More than 15,000 demonstrators turned out as the ribbon was finally tied around the Lincoln Memorial. Nearly overwhelmed by the occasion, Merritt told the crowd, "I'm not going to cry. I'm just going to pray for peace." Afterward, sections of the ribbon were flown to Los Angeles and unfurled as demonstrators conducted a peace vigil along a 15-mile stretch of Wilshire Boulevard.

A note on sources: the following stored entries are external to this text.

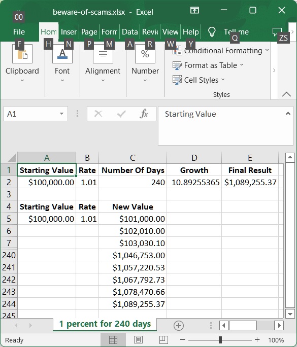 The spreadsheet will walk you through how growing your principal by 1% day one, then taking the new value and growing it 1% each day would grow to more than 10 times the initial value in 240 days.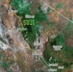 Suji is a small village in the Pare Mountains, in the Kilimanjaro region of north-eastern Tanzania. According to the 2002 census, the village has a population of around 8,072 [1] (Male: 3,974, Female: 4,098). The latest census conducted in 2022 shows that there is an about 50% decline in population. Both sexes (4,681); Male (2,285); Female (2,396). The majority of the villagers are of the Pare tribe (legend holds that they moved up the mountains as a security measure in a similar way other villages built forts. Their main antagonists were Maasai warriors who they call 'Kwavi'. The village is situated approximately 20 km from Makanya, a town on the main Dar es Salaam - Moshi road. In terms of religion, the majority of the residents are Seventh Day Adventists.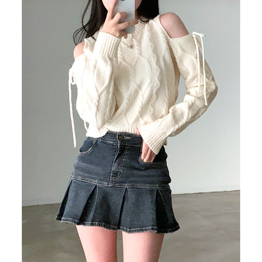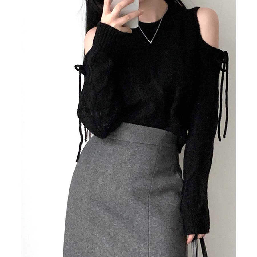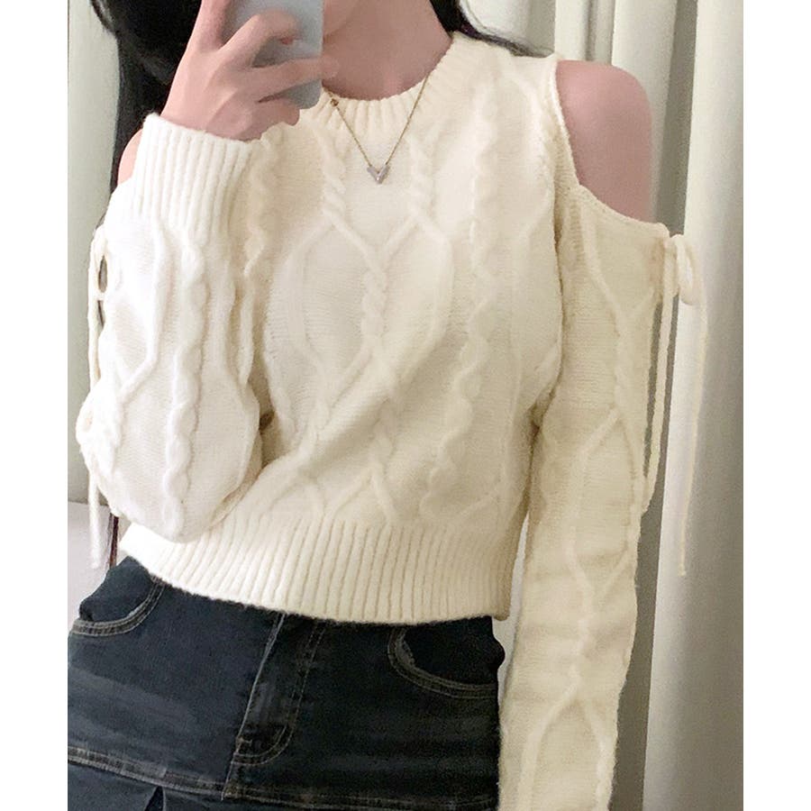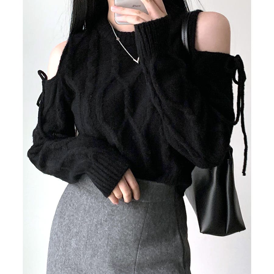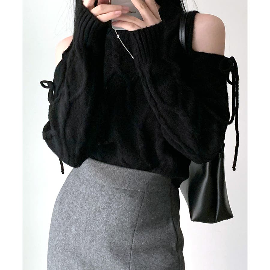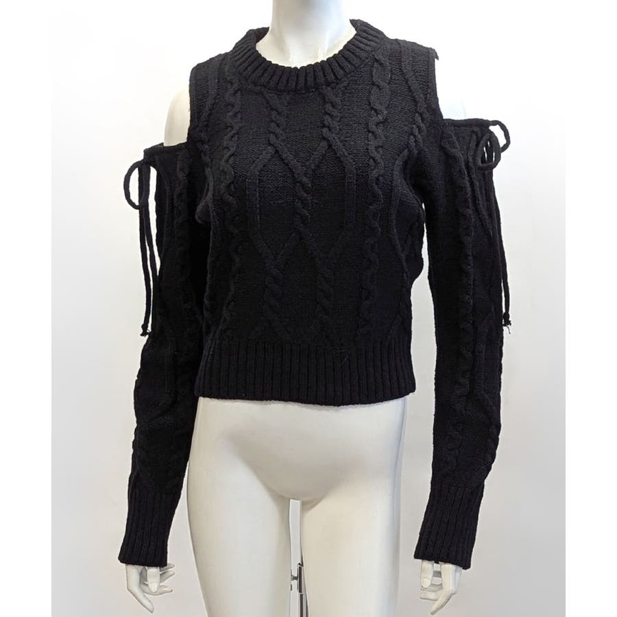 オープンショルダーリボンケーブルニット オフショル セーター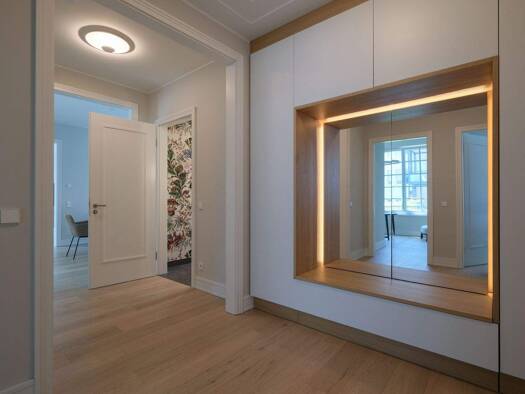 Zugang zu der wunderschönen und exklusiven Neubau-Wohnung mit modernen Stuckelementen bekommt man über das Vorderhaus der Bilker Straße und durch den ruhigen Hinterhof. Die Gebäude sind mit stilvolle...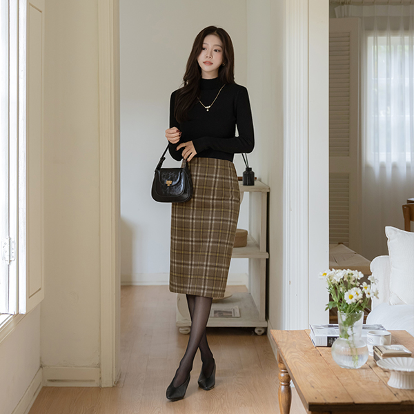 柔软的 羊毛 格子 H字型 Set-up 裙子

The Shadow. As they made their way to work on the morning of Aug. 6, residents of New York, Boston, Minneapolis and 370 other cities in the U.S. and abroad discovered that artists had been at work overnight, painting silhouettes of people on streets. The silhouettes were intended as reminders of the Hiroshima victims who, caught outdoors by the blast, were vaporized, leaving no trace except for profiles etched on Hiroshima sidewalks. The arresting images, usually created with plastic stencils and rollers dipped in whitewash, were the work of the International Shadow Project, a network of 10,000 volunteer painters in cities ranging from Penang, Malaysia, to Budapest, Hungary. Worldwide, some 300 project volunteers were arrested, but police in many areas chose to permit the effort. In New York, Landscape Artist Alan Gussow, who conceived the project, said he was "staggered" by the response. As she stenciled an image of herself and her husband near Wall Street in Manhattan, Artist Janna Josephson noted, "I want to make an impact, to startle people, to make them know that this could be ground zero."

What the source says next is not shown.